Viewers who stay glued to the screen for the end credits will be rewarded by outtakes from the original series of videotapes of the three Italians, Maurizio Paganelli (Pago), Andrea Riceputi (Rice), and Enrico Boschi (Bibi), shown sporadically throughout Est. Paganelli’s voice-over asks, “Did you picture it like this?” and we are realize that just as seeing the videotape of Emil meant the world to his family in the film, playing that same videotape for these three men, the real “actors,” now in their fifties, most likely imparted far more meaning than a treasured souvenir.  Maybe our own experience via the film was equally eye-opening.



Est

Director: Antonio Pisu; Producers: Paolo Rossi Pisu, Maurizio Paganelli; Screenplay: Antonio Pisu; Cinematography: Adrian Silisteanu; Editor: Paolo Marzoni; Music: Davide Caprelli; Set Design: Paola Zamagni, Iuliana Vilsan; Costume Design: Luminita Mihai.
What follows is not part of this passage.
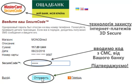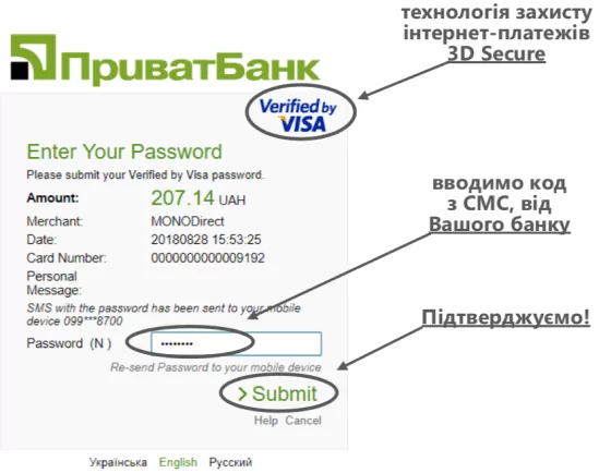 Для підтвердження переказу на екрані з’явиться форма-запиту від Вашого банку, у цю форму Вам потрібно буде ввести код-підтвердження із СМС- повідомлення, що отримаєте від банку. Тільки після цього підтвердження Ваш банк проведе оплату, переконавшись що це робити особисто Ви, бо правильно введено номер картки та всі її данні, правильно введено код-підтвердження, який банк вислав на особистий номер телефону, про який Ви його раніше повідомляли. Якщо Ви не отримали код-підтвердження від свого банку, у Вас не підключено СМС-інформування (кошти з Вашого рахунку не спишуться).

Cast: Lodovico Guenzi, Matteo Gatta, Jacopo Costantini, Paolo Rossi Pisu, Ana Ciontea, Ioana Flora, Liviu Cheloiu, Ivano Marescotti, Sofia Longhini, Eva Issa Popovici, Iulieta Szomyi, Beatrice Balzani, Ada Condescu, Manuela Ciucur, Dana Voicu, Radu Romaniuc, Liviu Pintileasa, Ioan Peter, Virgili Aionei, Anca Florea

Color, 104 min. In Italian and Romanian with English subtitles.